No FMEA was conducted during the design process, so no significant inputs about failure modes are available.
Any advise under the given circumstances will be welcome with many thanks.
Fred Schenkelberg says
I fully understand the problem and constraints. Here’s what I suggest – and it’s not strictly by the book, yet closer. Talk to your lead designers about what is expected to fail and under what conditions. Gather information about the use environment, not just the limits, what happens every day. And, make an educated guess or two.

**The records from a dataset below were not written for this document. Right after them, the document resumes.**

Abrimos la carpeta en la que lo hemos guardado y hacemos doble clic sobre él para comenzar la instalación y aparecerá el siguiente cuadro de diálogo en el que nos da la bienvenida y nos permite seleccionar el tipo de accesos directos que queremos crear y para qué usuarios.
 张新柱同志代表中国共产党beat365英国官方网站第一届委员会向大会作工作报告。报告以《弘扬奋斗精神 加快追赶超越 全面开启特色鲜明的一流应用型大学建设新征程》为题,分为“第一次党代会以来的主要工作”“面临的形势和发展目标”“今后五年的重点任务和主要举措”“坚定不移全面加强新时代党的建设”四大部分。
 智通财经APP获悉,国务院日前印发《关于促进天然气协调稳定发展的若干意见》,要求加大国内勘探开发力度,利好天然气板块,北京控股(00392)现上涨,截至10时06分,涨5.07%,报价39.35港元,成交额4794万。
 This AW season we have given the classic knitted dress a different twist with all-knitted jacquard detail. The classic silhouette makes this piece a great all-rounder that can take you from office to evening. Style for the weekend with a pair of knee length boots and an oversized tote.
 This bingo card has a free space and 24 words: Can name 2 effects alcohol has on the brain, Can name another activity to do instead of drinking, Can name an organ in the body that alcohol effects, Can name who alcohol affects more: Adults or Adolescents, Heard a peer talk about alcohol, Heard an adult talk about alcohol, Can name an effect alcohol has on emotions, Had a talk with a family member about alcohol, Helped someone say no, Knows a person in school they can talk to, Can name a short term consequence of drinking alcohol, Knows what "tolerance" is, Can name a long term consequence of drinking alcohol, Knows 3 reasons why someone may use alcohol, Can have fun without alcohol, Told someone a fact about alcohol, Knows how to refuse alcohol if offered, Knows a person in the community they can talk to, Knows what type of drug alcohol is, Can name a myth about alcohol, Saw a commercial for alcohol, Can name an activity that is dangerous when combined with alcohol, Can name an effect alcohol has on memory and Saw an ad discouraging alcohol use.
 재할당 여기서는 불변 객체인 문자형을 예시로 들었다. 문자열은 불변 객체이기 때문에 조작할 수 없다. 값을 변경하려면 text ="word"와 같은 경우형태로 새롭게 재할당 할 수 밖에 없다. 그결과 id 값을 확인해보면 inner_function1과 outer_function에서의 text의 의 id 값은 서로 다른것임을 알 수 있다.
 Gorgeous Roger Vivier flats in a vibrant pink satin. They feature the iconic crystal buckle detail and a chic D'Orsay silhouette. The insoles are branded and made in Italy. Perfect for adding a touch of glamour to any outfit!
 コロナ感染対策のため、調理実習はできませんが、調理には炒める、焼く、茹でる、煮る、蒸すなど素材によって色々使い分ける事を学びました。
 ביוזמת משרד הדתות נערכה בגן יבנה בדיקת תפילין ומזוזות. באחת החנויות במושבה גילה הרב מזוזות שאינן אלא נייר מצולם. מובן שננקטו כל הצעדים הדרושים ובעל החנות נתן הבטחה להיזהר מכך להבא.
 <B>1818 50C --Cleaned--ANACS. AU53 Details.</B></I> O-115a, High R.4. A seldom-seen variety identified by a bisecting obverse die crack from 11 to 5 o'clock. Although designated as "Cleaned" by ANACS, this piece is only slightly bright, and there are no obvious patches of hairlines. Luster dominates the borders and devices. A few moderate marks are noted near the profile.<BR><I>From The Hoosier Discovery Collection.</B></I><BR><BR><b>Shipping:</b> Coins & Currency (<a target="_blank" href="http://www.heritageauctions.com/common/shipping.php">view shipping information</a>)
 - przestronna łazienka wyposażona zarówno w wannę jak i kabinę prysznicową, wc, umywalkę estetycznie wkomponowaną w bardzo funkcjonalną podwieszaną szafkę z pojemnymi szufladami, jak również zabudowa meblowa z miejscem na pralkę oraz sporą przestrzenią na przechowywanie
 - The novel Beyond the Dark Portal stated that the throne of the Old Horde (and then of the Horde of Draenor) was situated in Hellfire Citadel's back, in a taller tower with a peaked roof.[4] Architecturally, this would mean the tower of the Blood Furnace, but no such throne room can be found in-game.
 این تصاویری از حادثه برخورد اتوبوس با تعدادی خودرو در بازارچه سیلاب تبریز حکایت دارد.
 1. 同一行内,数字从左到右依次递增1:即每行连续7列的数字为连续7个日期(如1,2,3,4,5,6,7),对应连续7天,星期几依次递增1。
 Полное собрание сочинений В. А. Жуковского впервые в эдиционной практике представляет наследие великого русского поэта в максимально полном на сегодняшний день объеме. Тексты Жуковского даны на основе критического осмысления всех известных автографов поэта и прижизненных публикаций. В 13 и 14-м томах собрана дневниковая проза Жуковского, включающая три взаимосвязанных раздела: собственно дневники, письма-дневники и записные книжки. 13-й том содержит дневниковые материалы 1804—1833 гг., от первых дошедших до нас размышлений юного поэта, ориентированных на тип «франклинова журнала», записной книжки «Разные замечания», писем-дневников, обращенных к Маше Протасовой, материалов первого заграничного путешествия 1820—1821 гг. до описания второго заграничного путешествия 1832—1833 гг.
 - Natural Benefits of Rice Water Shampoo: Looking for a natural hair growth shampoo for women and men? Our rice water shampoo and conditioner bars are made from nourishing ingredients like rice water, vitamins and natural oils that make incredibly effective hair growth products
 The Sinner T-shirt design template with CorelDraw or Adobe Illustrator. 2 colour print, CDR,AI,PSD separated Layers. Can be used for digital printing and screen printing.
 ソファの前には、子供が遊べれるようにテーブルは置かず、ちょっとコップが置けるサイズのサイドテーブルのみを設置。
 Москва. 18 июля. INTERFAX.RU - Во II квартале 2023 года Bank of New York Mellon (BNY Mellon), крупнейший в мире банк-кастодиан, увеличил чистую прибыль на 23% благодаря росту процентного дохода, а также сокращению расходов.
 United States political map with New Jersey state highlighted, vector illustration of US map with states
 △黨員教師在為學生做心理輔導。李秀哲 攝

If your environment includes a very large change in temperature every day (or hour), then thermal cycling may the the stress to focus on and plan your testing acceleration factor around solder joint fatigue (modified Norris Landzberg). If thermal cycling isn’t a big deal (over 20°C per cycle) then consider the thermal exposure and humidity… if in hot humid conditions – then corrosion, metal migration, etc. may play the dominant role. Then plan the testing around Peck’s equation. If both, then do both.
For motors – they are often easier to get samples and set up a separate test. The motors, if in series, reliability wise – will need a higher reliability target, and more samples or longer run time for demonstration. If you have to use them within the system – then hopefully you can load the motors while doing one or more of the other tests to get the sample size up.
Unfortunately, there just isn’t a magic temperature acceleration factor for all failure mechanisms – some failures do not care about the temperature, as they fail at the hands of other stresses.
A little creativity and focus on expected failure mechanisms may move your testing program along.
Natasha Rayetsky says
I had no knowledge about Norris Landzberg and Peck’s equation, I’ll go learn about it.
Of course, I haven’t assumed to use temperature acceleration for all the failure mechanisms. I just didn’t know any other model for temperature-induced failure mechanisms except Arrhenius.
I’ll adopt the overall approach you suggested. Thank you!
Useful article, I’m looking at some guidelines on the maximum permissible acceleration factors for stresses such as vibration. I could see in some calculations it is around ~10000. Will it makes sense to have such a acceleration factor?
Fred Schenkelberg says
I too would be questioning a 10,000 acceleration factor – and, it all comes down to the failure mechanism and how it behaves as the stress is changed. If the accelerated conditions creates the same failure mechanisms as would occur at normal conditions, then it’s fine. Often this takes some really fundamental understanding of what and how sometime fails.
Keep asking questions and checking the assumptions.
Thanks for the response.
David Poehlman says
I noticed on there you were thinking 10,000 as an acceleration factor is too large. Is there a rule of thumb of this is too large of an acceleration factor. I have preliminary set up tests with a mix of vibration and high temperature stresses gives an acceleration factor of a little over 1000. We do not believe it would introduce new failure mechanisms. Vibration increases just has a giant influence on the acceleration factor. I do not know if you have experience where you have seen tests with an acceleration factors that high and everyone seems comfortable with it.
Fred Schenkelberg says
In general, we don’t get something for nothing. A very high – say over 50x – I ask more questions on the connection between accelerated failure mechanisms and use condition mechanisms, plus how the stress behaves to create the damage. As far as I know there isn’t guideline or set of rules around this, yet in my experience and given the cost in setting up and running accelerated testing I’m cautious when the acceleration factor gets high.
PS: of course, it’s all in the details around the mechanism, stress, etc.